Speaker 0:Like we've said before, if there is good coming to you, there is nothing you can do to stop it. If there is bad God forbid coming to you, then he wants you to stop it. He wants you to say okay, I don't want the negative, I want to be able to reverse this trajectory, and all you need to do is step up and do the right thing. You have to feel bad for your actions, you have to verbalize what you did, you have to take it upon yourself to never do it again and move forward. That's it. When you've done that, then the negative that's supposed to be coming your way gets thrown in the trash. You understand that's how it works.

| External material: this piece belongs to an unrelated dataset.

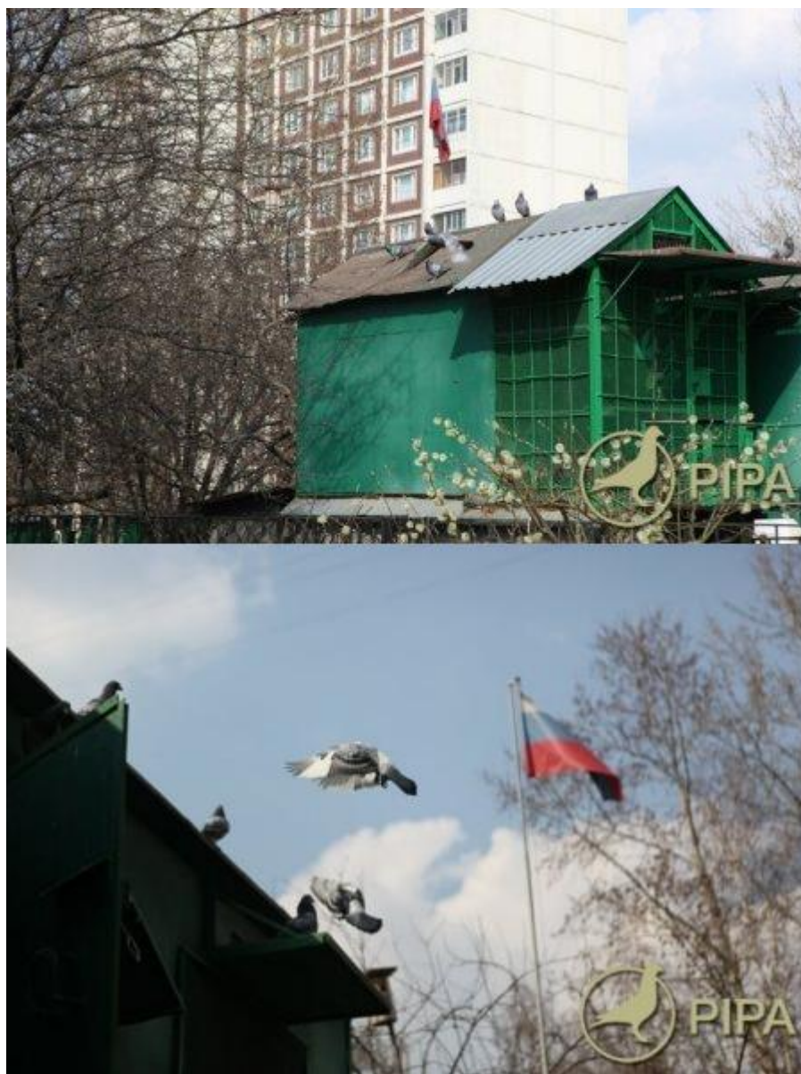
The lofts of Sergey Stegantsev

But success or ‘fame’ can take their toll, or have dire consequences if you will. A few years ago, in April 2006, Sergey’s pigeon loft was set on fire and all the pigeons were killed. It is unfortunate to experience this level of jealousy and criminality, but it does indeed happen. Nowadays all the lofts are guarded by an enormous guard dog which, when he stands on 2 legs, is bigger than the average person. Not much chance of the vandals striking again.

Speaker 0:When we do tshuva, when we repent, when we feel bad about the things that we did genuine feeling of remorse then what you did, more than that, what you did to deserve a negative consequence. When you feel bad about it and when you say with your mouth what you did and confess your actions to yourself out loud, and when you commit to not doing it again and you move forward on it, that's all it takes for God to rip up the bad decree. And more than that, like we've said in the past, that evil thing that you did, that wicked thing that you did, comes as a credit to your account. It becomes a mitzvah, it becomes a positive deed. How do you take a negative deed that you did? You clearly hurt somebody or you clearly hurt yourself, but you did a proper repentance. Now there's a way to do it. You've got to investigate how do I do it, so that I'm not fooling myself.
Speaker 0:Once you've done a proper what's called tshuva, a repentance, then that negative trait becomes a positive thing for you. It becomes money in your spiritual bank account. How? And the answer is it was specifically that thing that you did that brought you to the realization that you behaved improperly and brought you to the point of doing tshuva. And had you not done that, then you may not have done tshuva. So God even sees the negative that you did and gives it to you as a bonus to say I'm going to start you off with money in your account because you were depleted, but because you did tsh you did. I'm taking right away that negative and putting it as a positive back into your account. My friends, it doesn't get any better than that. Clearly, you have a God that loves you. Step up and have a relationship with him. Tomorrow we continue. Have an amazing Sunday, my friends.